Data provided:
═══

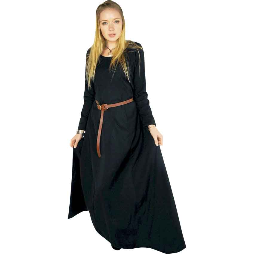 Made from 100% viscose, this black Norse dress comes in seven sizes. It has a rounded neckline and long, straight sleeves. There is a central panel with princess seams at the bodice. The Viking dress has a loosely cut A-line skirt.
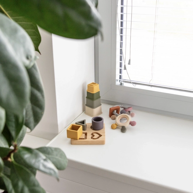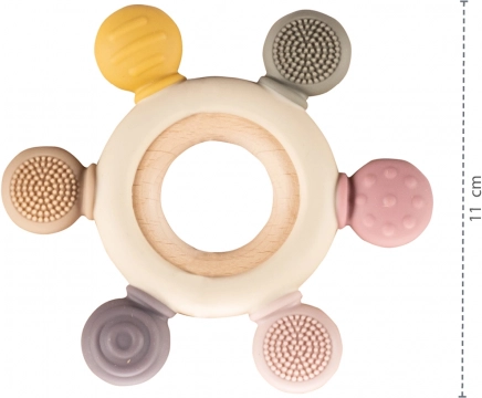 Sikkert og sjovt bidelegetøj til de allermindste. Det siliconesuttesikkert legetøj, ideelt til spædbørn, tilbyder forskellige farverige teksturer, som beroliger dit barns irriterede gummer.
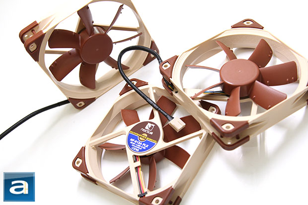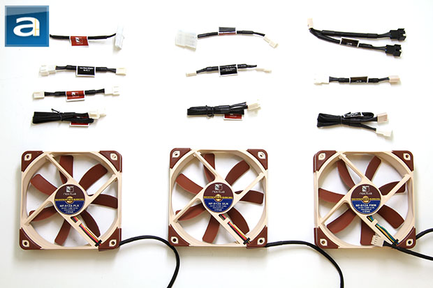 The LNA and ULNA adapter brings the Noctua NF-S12A FLX from its 1200rpm maximum to 900rpm and 700rpm, respectively; while the ULNA adapter on the Noctua NF-S12A ULN straps it down to 600rpm from its maximum 800rpm. The LNA adapter on the Noctua NF-S12A PWM caps the maximum RPM from 1200rpm to 900rpm. The NF-S12A PWM has an operating range from 300RPM to 1200RPM in PWM mode. There is no appreciable acoustical noise difference between 700rpm and 600rpm as far as I'm concerned, and very little difference between 900rpm and 700rpm as far as Noctua fans go. We'll go over this in the Tests section in just a short moment. In my opinion, the FLX version should probably accommodates the needs of most quiet PC enthusiasts better than the ULN version. However, if you own computers that support PWM fans, I do not see a reason why you should not buy the PWM variant. PWM signals are vastly superior to voltage control in adjusting the fan speed; this is not to mention it is backwards compatible with 3-pin voltage headers.

═══

Activity: I would like the data above transcribed exactly, with its pictures left out.

Response area:
 Made from 100% viscose, this black Norse dress comes in seven sizes. It has a rounded neckline and long, straight sleeves. There is a central panel with princess seams at the bodice. The Viking dress has a loosely cut A-line skirt.
 Sikkert og sjovt bidelegetøj til de allermindste. Det siliconesuttesikkert legetøj, ideelt til spædbørn, tilbyder forskellige farverige teksturer, som beroliger dit barns irriterede gummer.
 The LNA and ULNA adapter brings the Noctua NF-S12A FLX from its 1200rpm maximum to 900rpm and 700rpm, respectively; while the ULNA adapter on the Noctua NF-S12A ULN straps it down to 600rpm from its maximum 800rpm. The LNA adapter on the Noctua NF-S12A PWM caps the maximum RPM from 1200rpm to 900rpm. The NF-S12A PWM has an operating range from 300RPM to 1200RPM in PWM mode. There is no appreciable acoustical noise difference between 700rpm and 600rpm as far as I'm concerned, and very little difference between 900rpm and 700rpm as far as Noctua fans go. We'll go over this in the Tests section in just a short moment. In my opinion, the FLX version should probably accommodates the needs of most quiet PC enthusiasts better than the ULN version. However, if you own computers that support PWM fans, I do not see a reason why you should not buy the PWM variant. PWM signals are vastly superior to voltage control in adjusting the fan speed; this is not to mention it is backwards compatible with 3-pin voltage headers.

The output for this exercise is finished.